Mental Health in a Military Community

While attending a Remembrance Day service in Kingston last month, I was struck by the repeated messages of the importance of mental health as it relates to Canadian soldiers. In the past, we’ve all heard stories about ‘Uncle Frank’ who served our nation proudly in one of the great wars but was never ‘quite right’ when he returned. Today, thankfully, the stigma associated with all forms of mental illness has waned and mental health support initiatives continue to evolve and improve.

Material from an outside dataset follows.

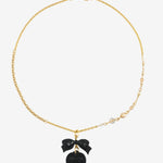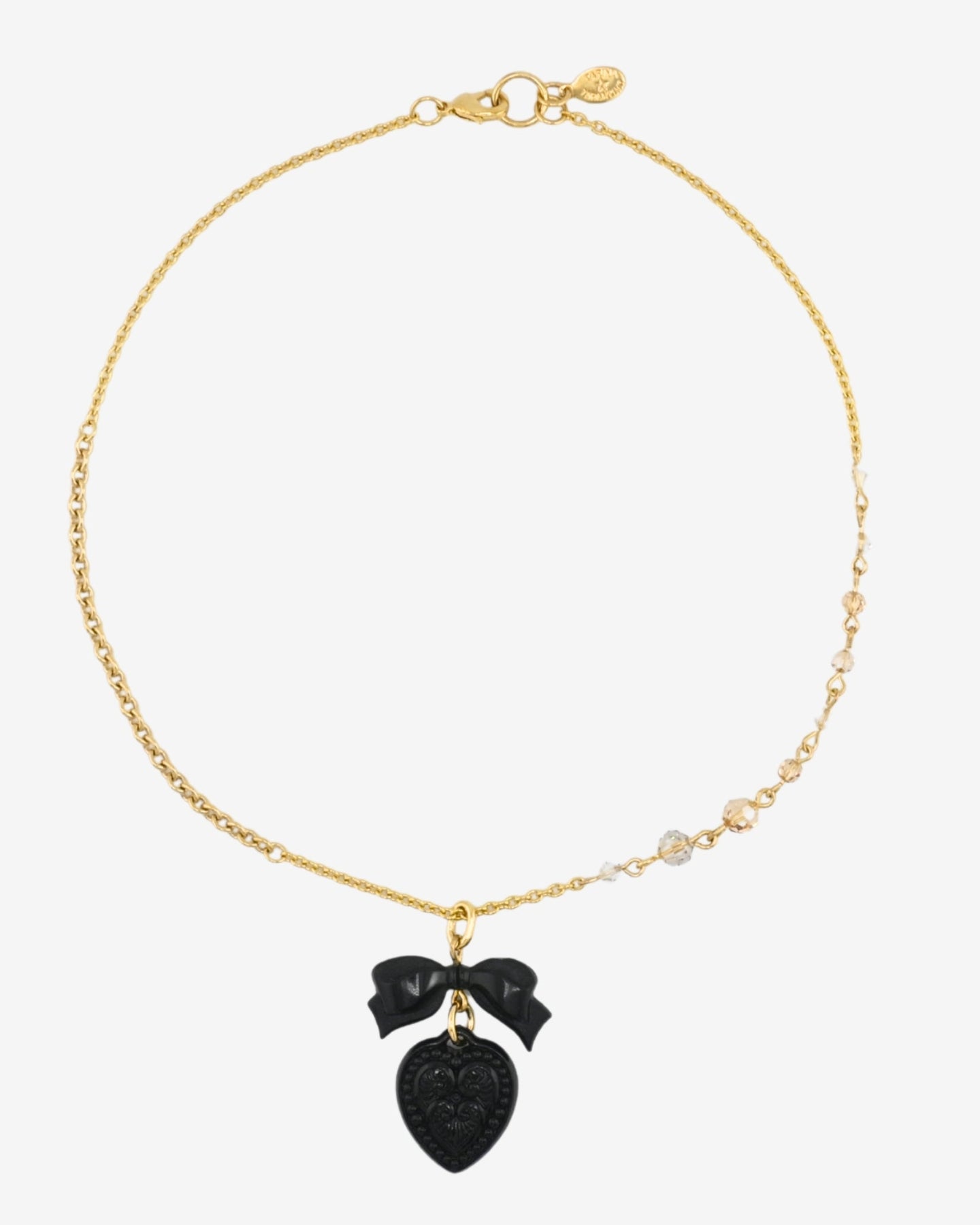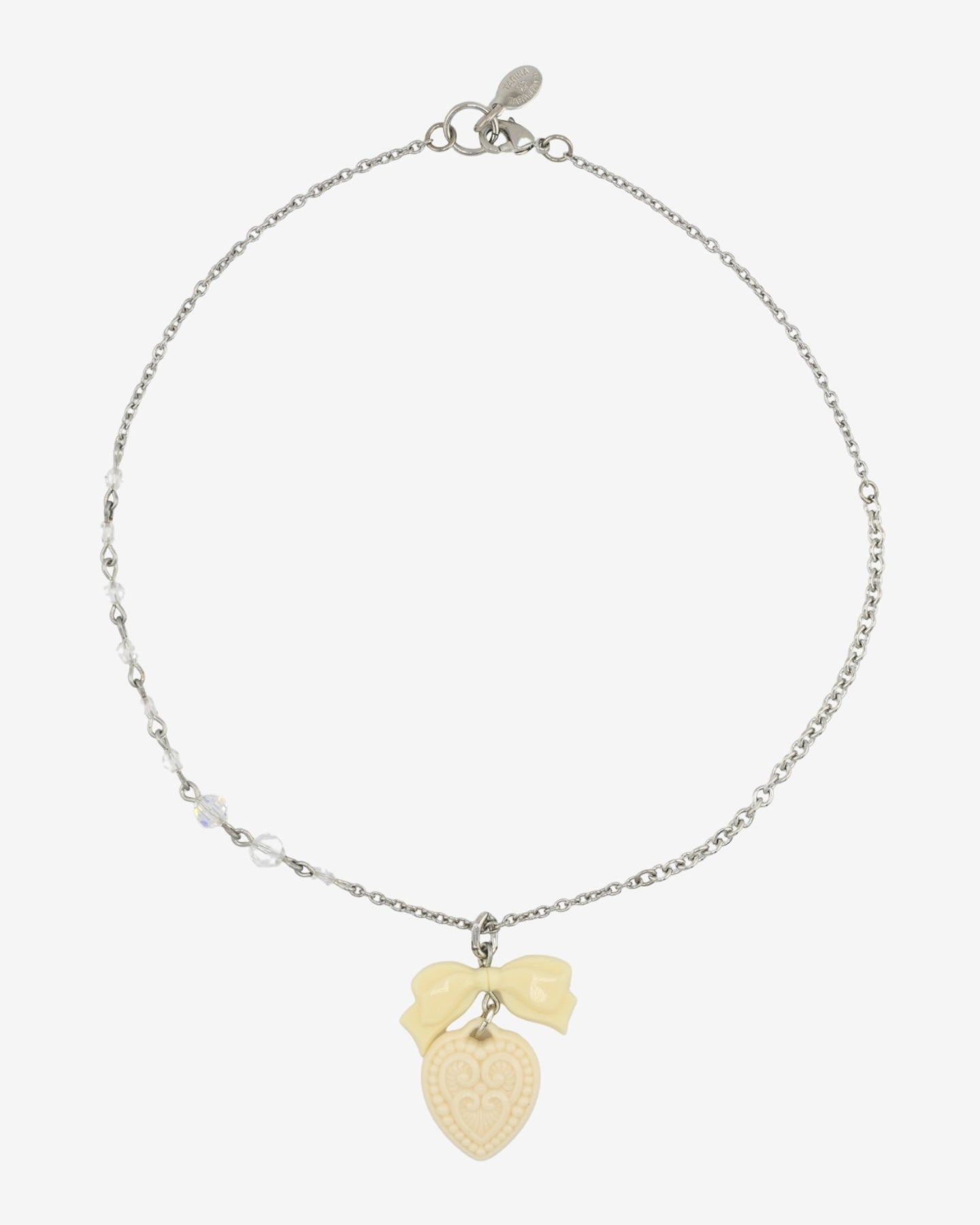 A favorite from our archives, part of the 2008 BIBARUCCI collection, Sweet Nothings features a chain stationed with Swarovski Crystal on one side for an offset chic look and our signature lucite heart and bow pendant in ivory or black.

But, there is still a long way to go. According to Stats Canada, in 2013:

  • About 1 in 6 full-time Regular Force members of the Canadian Armed Forces reported symptoms of at least one of the following disorders: major depressive episode, panic disorder, post-traumatic stress disorder, generalized anxiety disorder, and alcohol abuse or dependence.

  • Depression was the most common disorder with 8.0% of Regular Force members reporting symptoms in the past 12 months. 

  • The 12-month rates for post-traumatic stress disorder and panic disorder were twice as high among Regular Force members who had been deployed in support of the mission in Afghanistan compared to those who had not.

  • Between 2002 and 2013 the rate of depression among Regular Force members has not changed, while the rates of post-traumatic stress disorder and panic disorder increased.

  • Regular Force members had higher rates of depression and generalized anxiety disorder than the general Canadian population.

Given that CFB Kingston is one of the City’s largest employers with approximately 8,000 employees, strong local mental health support programs are critical. Community awareness is just as crucial to benefit not only soldiers but those who support them on the job and at home.

“Military populations are at potential risk of mental health issues because their job can involve exposure to trauma, separation from family, frequent moves, and stressful living conditions.” – Stats Canada, 2013, Mental Health of the Canadian Armed Forces

There are tremendous resources accessible online through various sources including the Government of Canada website. I was reassured by the title of one of the web pages called ‘You’re Not Alone – Mental Health Resources’ under National Defence and Canadian Armed Forces. The messages are clear: Help is available. Do not suffer in silence. There are also some very moving testimonials from military personnel who have reached out for help. They are worth a read.

“If you break a leg, you’re going to go get a cast. Mental injuries should be the same way. The system does work. If you use the system to your advantage, use all the resources that are there, are honest with yourself, honest with your therapist and doctors, it will work. I feel great. I should have done this 20 years ago.”  – Major Réjean Richard

As chaos ensues in the world around us, it’s paramount that we support those who have fought and those who continue to fight for our freedom.